An exerpt I found in mit opencourseware notes on NP-Complete problems in nature...
"1.2 In Nature
Nature deals with NP-complete problems constantly; is there anything we can learn from it? Biology
employs what computer scientists know as genetic algorithms. Sometimes biology simply
mutates the candidate solutions, but other times it combines them (which we call sexual reproduction).
Biology has adopted the sexual reproduction technique so widely that it must have something
going for it, even if we don’t yet fully understand what it is. In experiments, local search algorithms
that employ only mutations (i.e. “asexual reproduction”) consistently do better at solving NPcomplete
problems than do algorithms that incorporate sex.
The best theory people currently have as to why nature relies so heavily on sex is that nature
isn’t trying to solve a fixed problem; the constraints are always changing. For example, the features
that were ideal for an organism living in the dinosaur age are different from the features that are
ideal for modern-day organisms. This is still very much an open issue.
As another example of nature apparently solving NP-complete problems, let’s look at protein
folding. Proteins are one of the basic building blocks of a cell. DNA gets converted into RNA,
which gets converted into a protein, which is a chain of amino acids. We can think of that chain
of amino acids as just encoded information. At some point, however, that information needs to be
converted into a chemical that interacts with the body in some way. It does this by folding up into
a molecule or other special shape that has the requisite chemical properties. The folding is done
based on the amino acids in the chain, and it’s an extremely complicated process.

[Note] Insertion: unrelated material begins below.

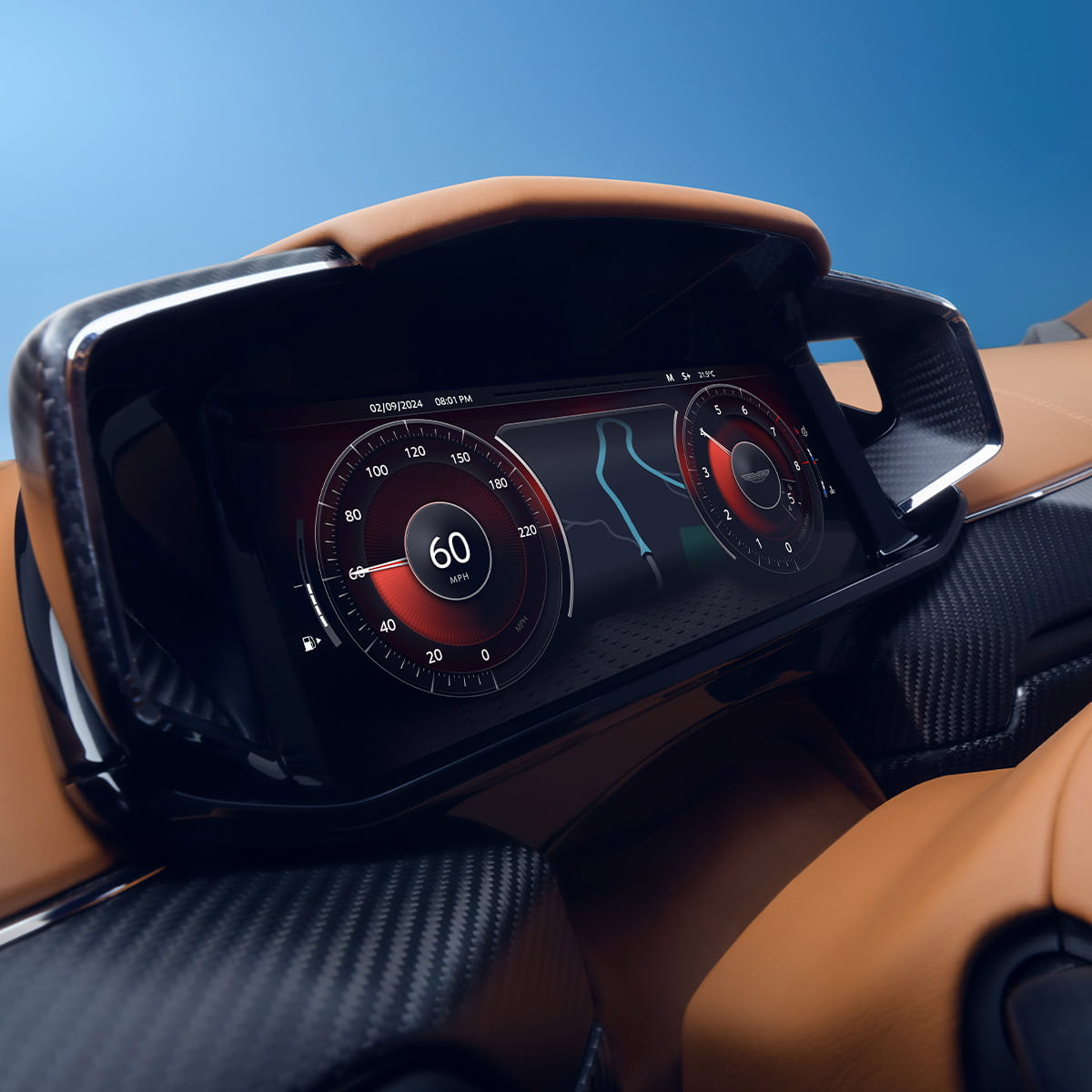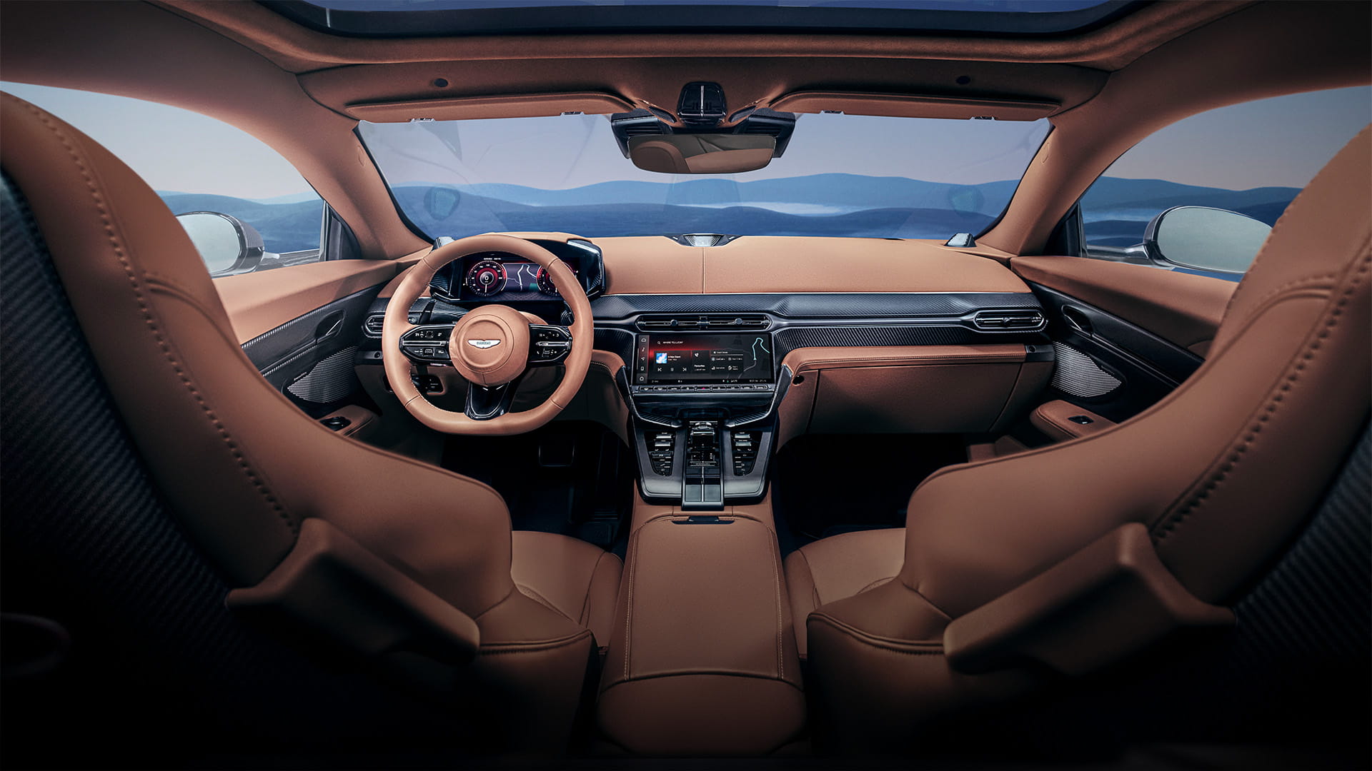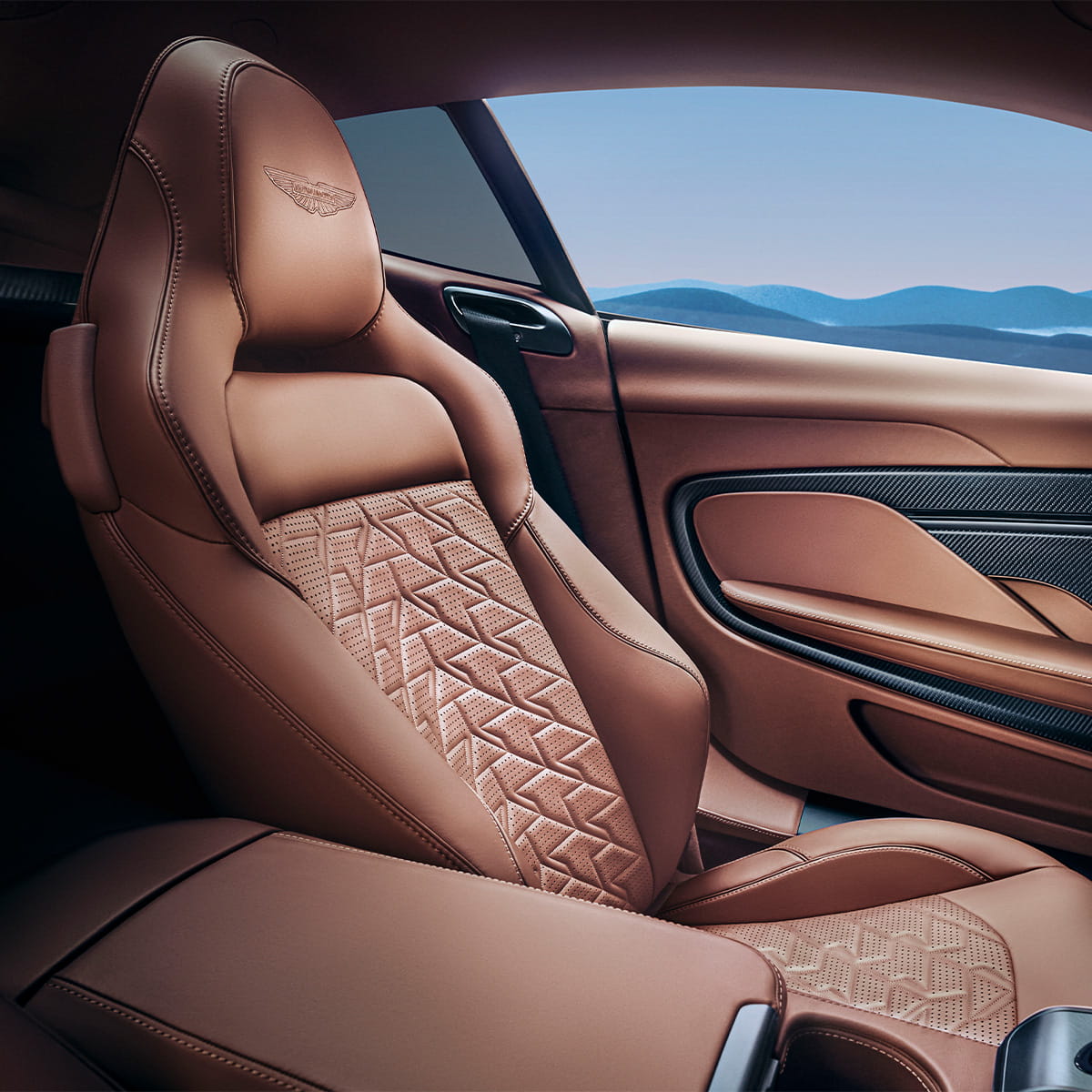 Vanquish optimises space with a luxurious rear luggage area, blending leather, carbon fibre, and metal. A sculpted carbon fibre cross brace adds refinement, mirroring the front cabin's elegance. Unique quilted seats, satin or gloss carbon finishes, and metallic accents in gold, silver, or copper enhance the design. Cashmere, contrast stitching, Alcantara™, and chrome blend sporty and classic luxury elements.
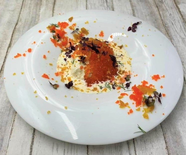 ポテトサラダに、たっぷりのイクラ、トビコ、自家製カラスミをのせました。

The key computational problem is the following: given a chain of amino acids, can you predict
how it’s going to fold up? In principle, you could simulate all the low-level physics, but that’s
computationally prohibitive. Biologists like to simplify the problem by saying that every folded
state has potential energy, and the folding is designed to minimize that energy. For idealized
versions of the problem, it’s possible to prove that finding a minimum-energy configuration is NPcomplete.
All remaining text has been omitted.